TASK DESCRIPTION:
In the entries below, find the line with "axes femme /" and the line with "Des Weiteren würden"; copy them and every line between them exactly, but not the pictures.

DATA UNDER STUDY:

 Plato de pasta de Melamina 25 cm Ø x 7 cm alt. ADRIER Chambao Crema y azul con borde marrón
==
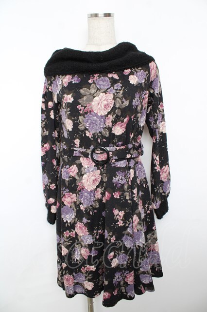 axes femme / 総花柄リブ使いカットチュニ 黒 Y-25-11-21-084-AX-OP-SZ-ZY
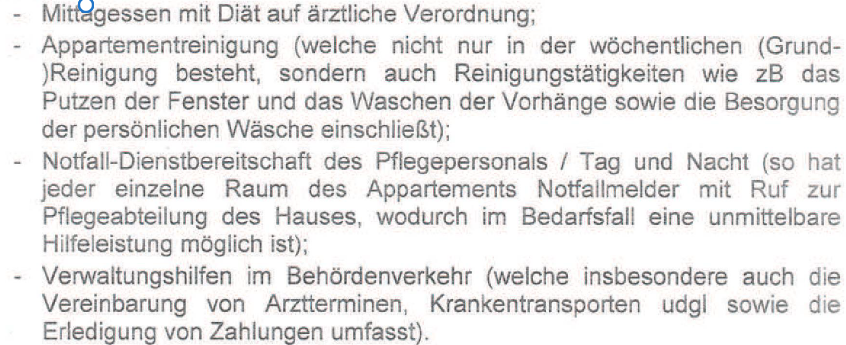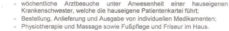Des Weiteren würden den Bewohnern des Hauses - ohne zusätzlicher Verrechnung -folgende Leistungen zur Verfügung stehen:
* * *
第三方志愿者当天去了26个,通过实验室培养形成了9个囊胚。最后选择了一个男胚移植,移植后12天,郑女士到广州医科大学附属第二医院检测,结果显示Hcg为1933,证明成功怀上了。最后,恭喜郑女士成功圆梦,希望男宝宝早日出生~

ANSWER SPACE:
 axes femme / 総花柄リブ使いカットチュニ 黒 Y-25-11-21-084-AX-OP-SZ-ZY
Des Weiteren würden den Bewohnern des Hauses - ohne zusätzlicher Verrechnung -folgende Leistungen zur Verfügung stehen:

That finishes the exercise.